Top of Input

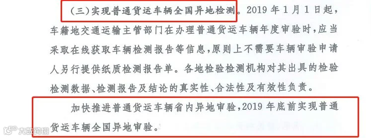 2019年底前货运车辆可异地审验
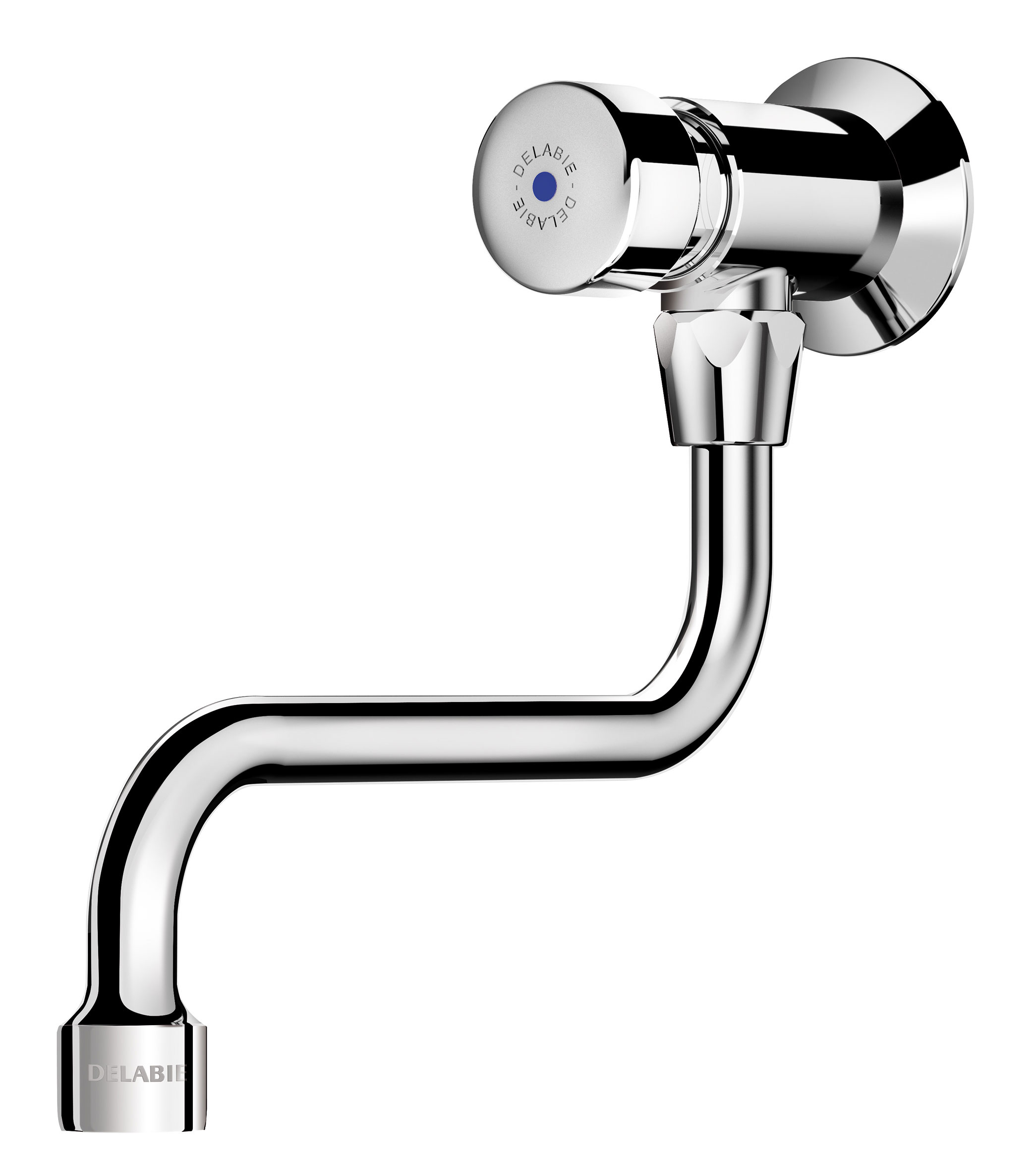 Ref. 748150Grifo temporizado mural con caño giratorio:
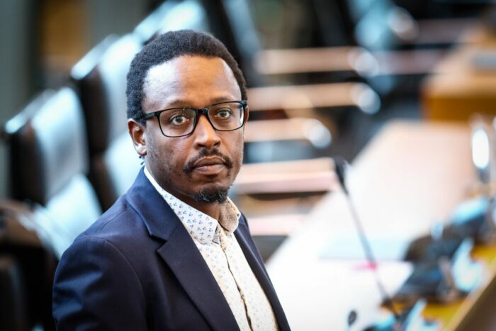 Chef de groupe PTB au parlement wallon, Germain Mugemangango, demande à son ancien camarade de parti, Jori Dupont, de rendre son mandat de député régional. (BELGA PHOTO BRUNO FAHY).
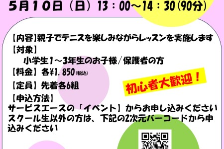 スクール生の方はサービスエースからお申込みください スクール生以外の方は下記のURLからお申込みください https://ms-tenniscollege.co.jp/sausa/2026/03/03/2026%e5%b9%b44%e6%9c%885%e6%…
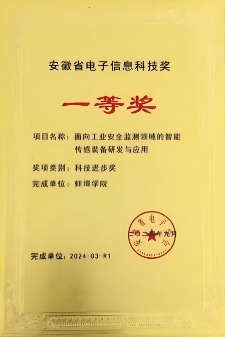 近日,安徽省电子学会对2024年安徽省电子信息科技奖的项目和科技工作者进行表彰奖励。由我校为第一完成单位、太阳成集团tyc7111完成的“面向工业安全检测领域的智能传感装备研究与应用”项目,荣获安徽省电子信息科技进步奖一等奖。
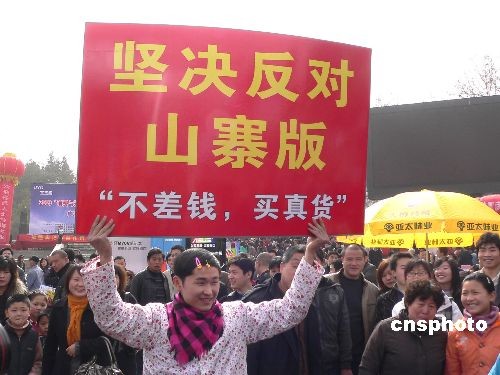 3月15日,在郑州紫荆山广场3·15活动现场,“山寨版”小沈阳将“坚决反对山寨版”的牌子高高举起,倡导民众买真货。中新社发 王中举 摄
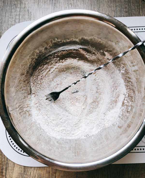 01.幹粉類:中筋面粉、鹽、小蘇打、泡打粉和肉桂粉,混拌均勻。
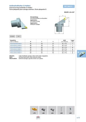 Außendrehhalter (S-Halter) ISO 26623-1 External turning toolholder (S-Holder) Porte-plaquette pour usinage extérieur (Porte-plaquette S) SDJCR / L Kr=93° S Verwendung: Zum Konturdrehen von Bauteilen. Kr Application: For contour turning. l Application: Outil pour copiage. D ISO 26623 CAD Bestell-Nr. WSP Lager Order no. / Référence D l1 S Insert / Plaquette Stock PSC40.SDJCR2705011 40 50 27 DC..11T3.. PSC40.SDJCL2705011 40 50 27 DC..11T3.. PSC50.SDJCR3506011 50 60 35 DC..11T3.. PSC50.SDJCL3506011 50 60 35 DC..11T3.. PSC63.SDJCR4506511 63 65 45 DC..11T3..PSC63.SDJCL4506511636545DC..11T3.. e Hinweis: Linker Drehhalter gezeigt, sofern nicht anders angegeben. Note: Left hand style shown unless otherwise stated. Observation: Outil de tournage à gauche comme sur la photo. i.79 i.80 i.84 i.88 i.89 e.13

Bottom of Input

- The problem -
Taking each record in turn, retype it exactly and drop any picture.

- Response -
 2019年底前货运车辆可异地审验
 Ref. 748150Grifo temporizado mural con caño giratorio:
 Chef de groupe PTB au parlement wallon, Germain Mugemangango, demande à son ancien camarade de parti, Jori Dupont, de rendre son mandat de député régional. (BELGA PHOTO BRUNO FAHY).
 スクール生の方はサービスエースからお申込みください スクール生以外の方は下記のURLからお申込みください https://ms-tenniscollege.co.jp/sausa/2026/03/03/2026%e5%b9%b44%e6%9c%885%e6%…
 近日,安徽省电子学会对2024年安徽省电子信息科技奖的项目和科技工作者进行表彰奖励。由我校为第一完成单位、太阳成集团tyc7111完成的“面向工业安全检测领域的智能传感装备研究与应用”项目,荣获安徽省电子信息科技进步奖一等奖。
 3月15日,在郑州紫荆山广场3·15活动现场,“山寨版”小沈阳将“坚决反对山寨版”的牌子高高举起,倡导民众买真货。中新社发 王中举 摄
 01.幹粉類:中筋面粉、鹽、小蘇打、泡打粉和肉桂粉,混拌均勻。
 Außendrehhalter (S-Halter) ISO 26623-1 External turning toolholder (S-Holder) Porte-plaquette pour usinage extérieur (Porte-plaquette S) SDJCR / L Kr=93° S Verwendung: Zum Konturdrehen von Bauteilen. Kr Application: For contour turning. l Application: Outil pour copiage. D ISO 26623 CAD Bestell-Nr. WSP Lager Order no. / Référence D l1 S Insert / Plaquette Stock PSC40.SDJCR2705011 40 50 27 DC..11T3.. PSC40.SDJCL2705011 40 50 27 DC..11T3.. PSC50.SDJCR3506011 50 60 35 DC..11T3.. PSC50.SDJCL3506011 50 60 35 DC..11T3.. PSC63.SDJCR4506511 63 65 45 DC..11T3..PSC63.SDJCL4506511636545DC..11T3.. e Hinweis: Linker Drehhalter gezeigt, sofern nicht anders angegeben. Note: Left hand style shown unless otherwise stated. Observation: Outil de tournage à gauche comme sur la photo. i.79 i.80 i.84 i.88 i.89 e.13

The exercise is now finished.